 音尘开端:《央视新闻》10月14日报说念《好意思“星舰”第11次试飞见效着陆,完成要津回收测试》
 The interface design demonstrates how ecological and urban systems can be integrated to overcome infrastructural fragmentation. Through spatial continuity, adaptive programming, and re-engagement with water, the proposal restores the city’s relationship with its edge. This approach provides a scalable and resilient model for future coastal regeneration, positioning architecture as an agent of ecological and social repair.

==

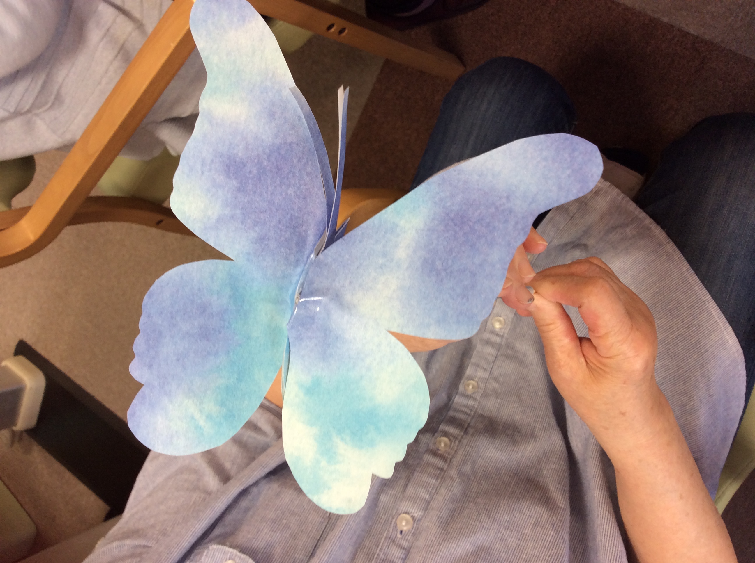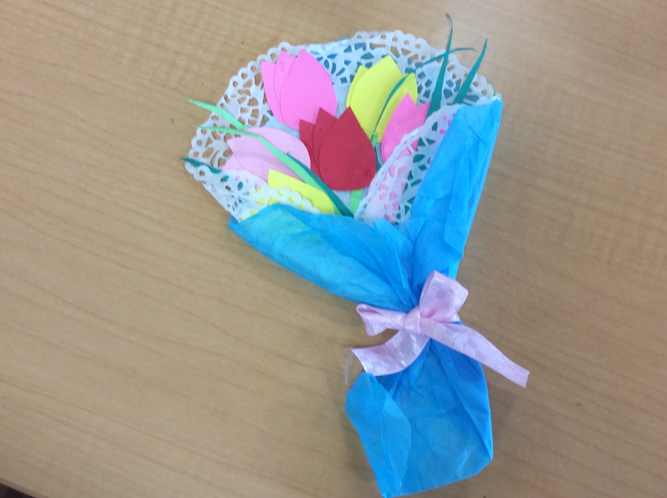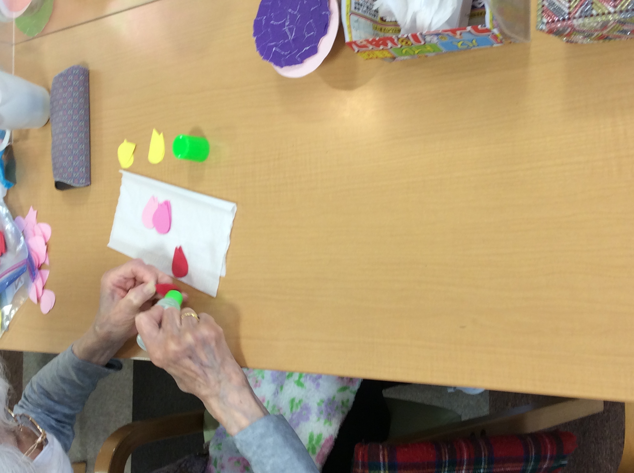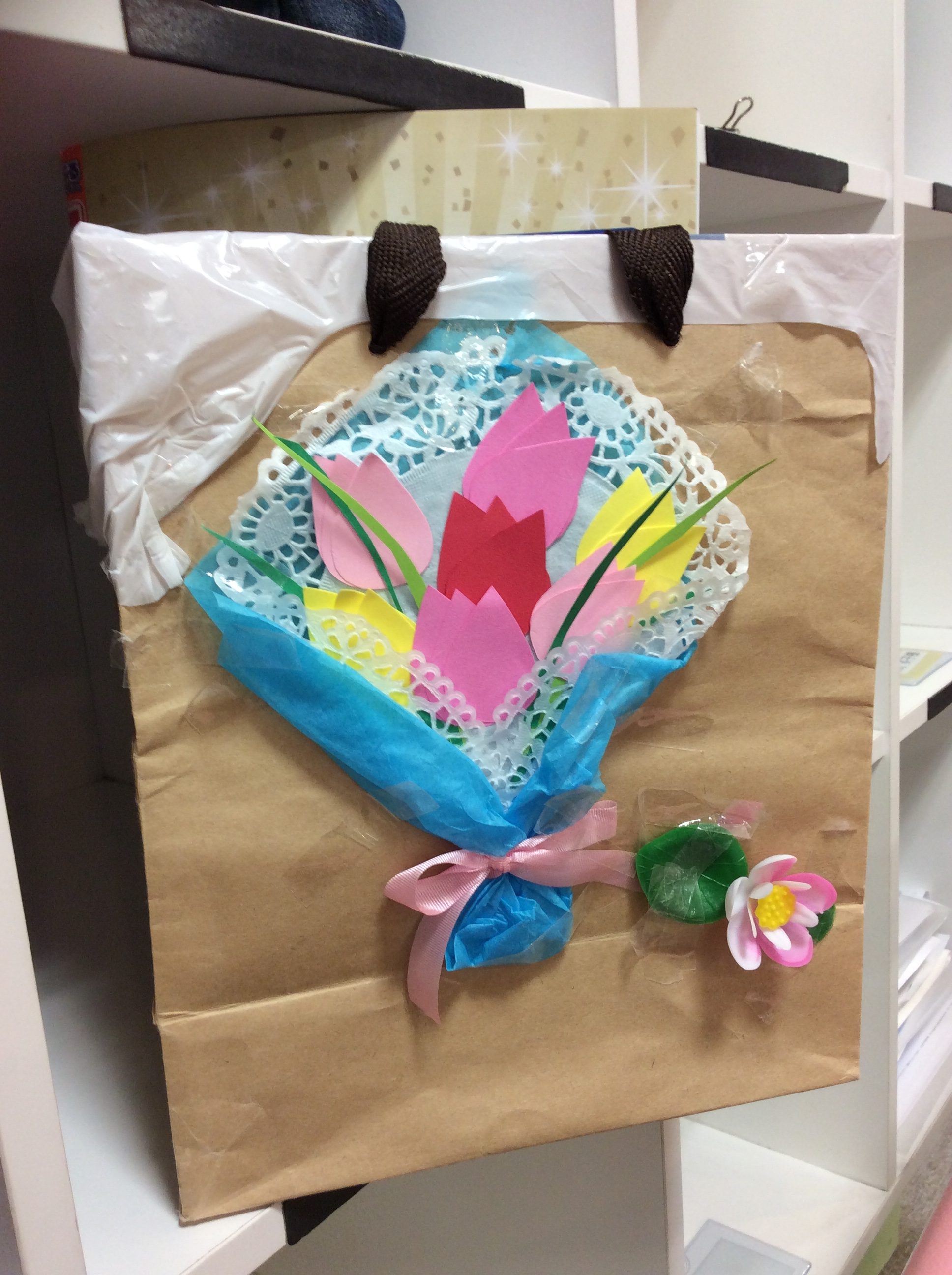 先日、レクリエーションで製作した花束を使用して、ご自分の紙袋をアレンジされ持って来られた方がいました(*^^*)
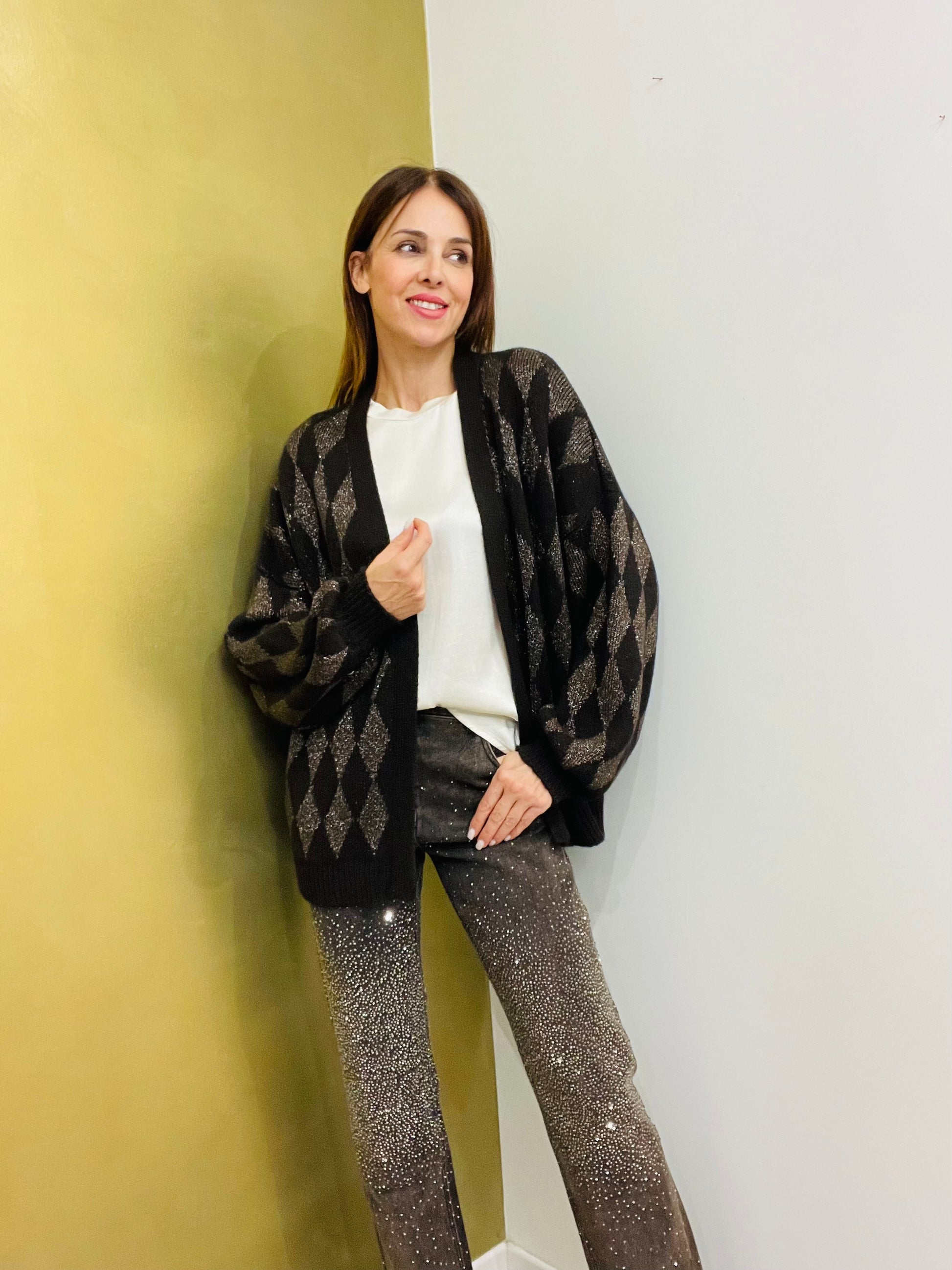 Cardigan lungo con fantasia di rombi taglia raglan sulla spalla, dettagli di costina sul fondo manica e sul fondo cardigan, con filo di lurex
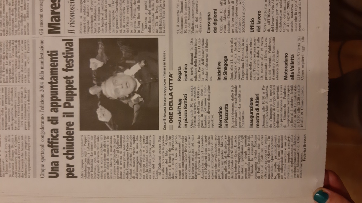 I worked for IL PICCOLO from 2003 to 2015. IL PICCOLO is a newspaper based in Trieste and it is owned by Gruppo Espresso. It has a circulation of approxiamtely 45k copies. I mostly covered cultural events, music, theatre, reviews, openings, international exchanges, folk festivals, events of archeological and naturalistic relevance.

--

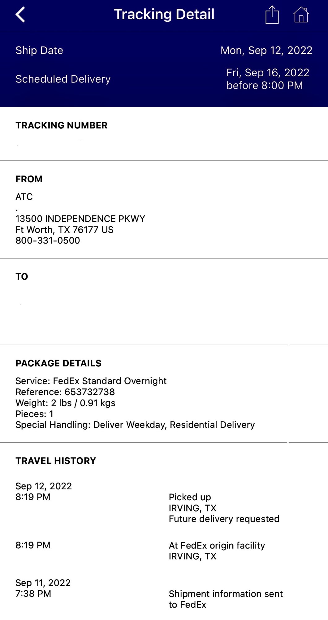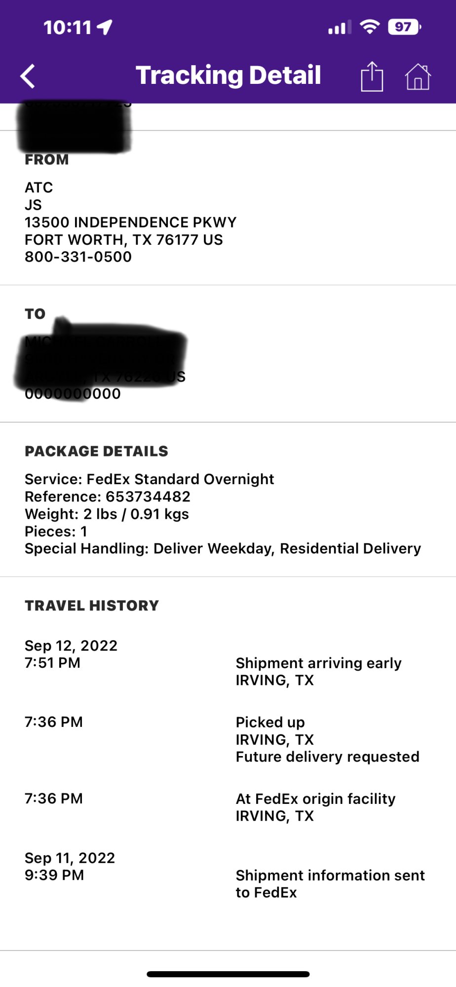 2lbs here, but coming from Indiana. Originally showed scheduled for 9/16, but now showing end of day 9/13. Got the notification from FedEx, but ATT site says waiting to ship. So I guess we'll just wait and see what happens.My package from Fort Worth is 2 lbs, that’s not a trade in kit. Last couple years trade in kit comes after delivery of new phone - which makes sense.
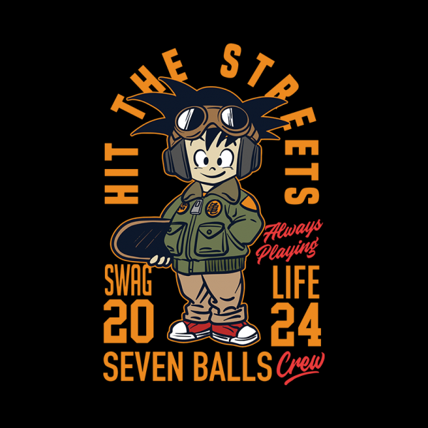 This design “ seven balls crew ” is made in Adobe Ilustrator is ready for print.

• **Exercise requirements**
Using the data above, transcribe exactly the lines between those containing "2lbs here, but" and "ready for print.", inclusive, and leave every picture behind.

• **Answer**
 2lbs here, but coming from Indiana. Originally showed scheduled for 9/16, but now showing end of day 9/13. Got the notification from FedEx, but ATT site says waiting to ship. So I guess we'll just wait and see what happens.My package from Fort Worth is 2 lbs, that’s not a trade in kit. Last couple years trade in kit comes after delivery of new phone - which makes sense.
 This design “ seven balls crew ” is made in Adobe Ilustrator is ready for print.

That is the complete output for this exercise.